EXERCISE AIM:
Repeat the lines below exactly as written, please, from the line with "It is framed" to the line with "The composting itself", both lines included, and no others.

MATERIAL SUPPLIED:
- - - - -

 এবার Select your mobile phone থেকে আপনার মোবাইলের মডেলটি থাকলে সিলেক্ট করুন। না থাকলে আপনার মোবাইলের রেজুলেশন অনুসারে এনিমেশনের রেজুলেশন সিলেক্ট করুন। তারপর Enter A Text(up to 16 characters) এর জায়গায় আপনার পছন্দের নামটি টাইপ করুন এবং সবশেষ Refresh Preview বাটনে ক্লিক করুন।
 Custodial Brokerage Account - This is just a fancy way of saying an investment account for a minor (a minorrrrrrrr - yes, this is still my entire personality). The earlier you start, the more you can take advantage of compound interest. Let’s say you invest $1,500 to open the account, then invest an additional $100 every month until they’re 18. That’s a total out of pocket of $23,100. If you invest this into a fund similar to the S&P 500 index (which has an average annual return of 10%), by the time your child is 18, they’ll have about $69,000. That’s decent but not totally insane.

- - - - -

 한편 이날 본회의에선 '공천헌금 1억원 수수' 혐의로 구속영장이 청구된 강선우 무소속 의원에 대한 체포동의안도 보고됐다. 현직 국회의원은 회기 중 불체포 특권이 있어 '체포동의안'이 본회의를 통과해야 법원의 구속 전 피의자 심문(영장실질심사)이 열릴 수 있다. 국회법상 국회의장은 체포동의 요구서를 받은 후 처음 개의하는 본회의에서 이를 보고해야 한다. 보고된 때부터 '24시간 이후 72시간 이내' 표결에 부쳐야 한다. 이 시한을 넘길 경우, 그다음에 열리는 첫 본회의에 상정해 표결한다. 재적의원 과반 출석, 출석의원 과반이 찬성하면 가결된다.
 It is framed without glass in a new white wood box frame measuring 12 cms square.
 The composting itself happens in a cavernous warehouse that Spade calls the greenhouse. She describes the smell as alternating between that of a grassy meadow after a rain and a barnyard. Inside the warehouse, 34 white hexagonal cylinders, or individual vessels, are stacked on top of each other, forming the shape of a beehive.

- - - - -

EXPECTED OUTPUT:
 It is framed without glass in a new white wood box frame measuring 12 cms square.
 The composting itself happens in a cavernous warehouse that Spade calls the greenhouse. She describes the smell as alternating between that of a grassy meadow after a rain and a barnyard. Inside the warehouse, 34 white hexagonal cylinders, or individual vessels, are stacked on top of each other, forming the shape of a beehive.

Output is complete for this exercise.